The 30 cases are added as raw data with no test coverage for:
- Loading cases.jsonl into a usable format
- Validating case structure and content
- Integrating cases into the evaluation pipeline
The PR description mentions framework steps (P1–P4) but doesn't add tests to verify any of them work
Impact: Case quality is unknown and cannot be verified programmatically
Fix: Add test file tests/core/test_research_bot_cases.py with:
- Test for loading all 30 cases from JSONL
- Validation that all required fields are present and valid
- Schema conformance (category in {planner, reflexion, synthesizer}, no duplicate IDs)
- Optional: convert research-bot schema to EvalExample and verify compatibility

⚠️ Warnings

No documentation on case usage

README.md does not mention where benchmark cases live or how to use them
PLAN.md mentions "benchmark gating" but not these specific case files
Users/developers cannot discover or use these cases without tribal knowledge
Suggestion: Add a cases/README.md or section to main README explaining:
- Where research-bot cases are located
- Case schema (what each field means)
- How to load and evaluate against them
- How to add new cases

Missing cross-file validation

The self-review claims to check "evolution sources and dependency availability" but doesn't provide evidence
The PR should verify that:
- All cases reference valid "skill" values (currently all are "research-bot"; should be documented)
- All "category" values match the expected taxonomy
- No external dependencies are needed to load/validate cases
Suggestion: Add these checks to the test suite

No tests for case semantic quality

The cases themselves are manually authored; no tests verify:
- Input prompts are well-formed and solvable
- Judgment criteria are objective and verifiable
- must_include and must_avoid don't contradict each other
- Examples given are realistic for a research-bot skill
Suggestion: Consider adding a test for obvious contradictions (e.g., must_include "X" and must_avoid "X")

💡 Suggestions

Consider adding case difficulty and source metadata

Current cases lack difficulty and source fields that EvalExample uses
These would help with:
- Stratified evaluation (test on easy vs. hard cases)
- Traceability (hand-curated vs. synthetic)
Not critical if cases are distinct from EvalExample, but worth planning

Plan for case evolution and updates

The cases are static snapshots added once; no clear process for:
- Adding new cases as research-bot evolves
- Retiring cases that become obsolete
- Versioning the case set
Suggestion: Document a case lifecycle in README (how to propose, review, merge new cases)

✅ Looks Good

Data integrity: All 30 lines are valid JSON with no parse errors ✓
Distribution: Perfect 10/10/10 split across planner/reflexion/synthesizer ✓
No duplicates: All case IDs are unique ✓
No diff issues: Git diff --check passes ✓
Field completeness: All cases have all required fields ✓
Clear semantics: Each case has a realistic prompt, clear expected behavior, and sensible judge criteria ✓
Korean context: Excellent inclusion of market/cultural specifics in several cases ✓

Recommendation

Do not merge yet. The data itself is solid, but the cases are orphaned from the evaluation framework. Before merging:

Add integration code: Implement load_research_bot_cases() that returns EvalExample objects or documents why a new evaluation pipeline is needed
Add tests: Create test_research_bot_cases.py with validation and loading tests
Add documentation: Update README or add cases/README.md explaining schema and usage

Once these are in place, this contribution will be valuable for benchmarking research-bot improvements.
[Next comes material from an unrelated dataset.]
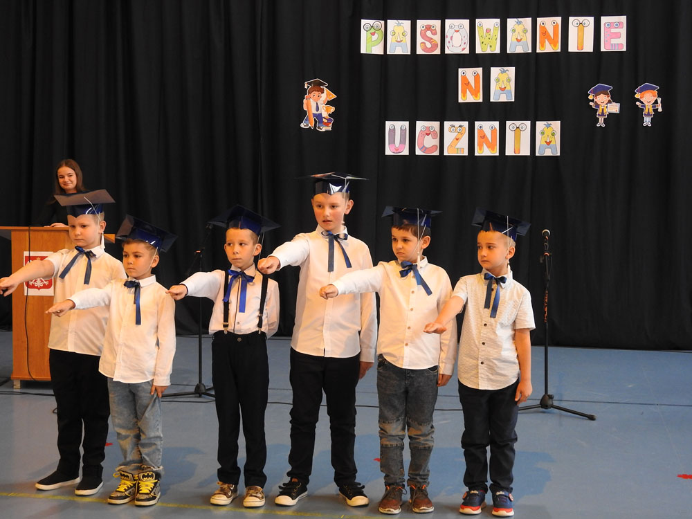 Tradycją naszej szkoły jest uroczystość pasowania na ucznia, którą nasi najmłodsi uczniowie przeżywają corocznie w miesiącu październiku. W bieżącym roku uroczystość miała miejsce w piątek 27 października. Odświętnie ubrani i przejęci pierwszoklasiści, w obecności rodziców i opiekunów, zaprezentowali swoje umiejętności recytatorskie i wokalne. Koledzy ze starszych klas serdecznie ich powitali i zapewnili o swojej pomocy w trudnych chwilach. Po zakończeniu części artystycznej, w niezwykle podniosłej atmosferze przed sztandarem szkoły, uczniowie klasy pierwszej ślubowali być dobrymi Polakami, godnie reprezentować szkołę, swym zachowaniem i nauką sprawiać radość rodzicom i nauczycielom.

Reviewed by Code Review Skill

jarrettj · 2026-05-16T10:11:53Z

Test Coverage Gap Analysis

What's Missing

The PR adds 30 benchmark cases for research-bot but zero tests to verify they work:

1. No loader/integration tests

How are these cases loaded for use?
Is there code to convert from research-bot schema to EvalExample?
What happens when someone tries to use these for evaluation?

Required: Add with at least:

def test_loads_all_30_cases():
    # Load all cases from JSONL
    # Assert count == 30
    pass

def test_cases_have_required_fields():
    # For each case: assert 'id', 'category', 'input', 'expected', 'judge' exist
    pass

def test_category_distribution():
    # Assert 10 planner, 10 reflexion, 10 synthesizer
    pass

2. No validation tests

No test for duplicate IDs
No test for invalid categories
No test for schema conformance
No test for empty/null fields
No test for contradictory must_include/must_avoid

3. No integration tests

Can the evaluation framework actually use these cases?
Can they be converted to EvalExample objects?
Do they produce meaningful scores?

Why It Matters

Without tests, we can't:

Verify the cases aren't broken (already added, but good practice)
Prevent regressions if cases are modified
Discover schema mismatches early
Document the expected format for future contributors
Automate validation when new cases are added

Quick Fix

Add test file with basic validation (will take ~20 min). I can help review once you push it.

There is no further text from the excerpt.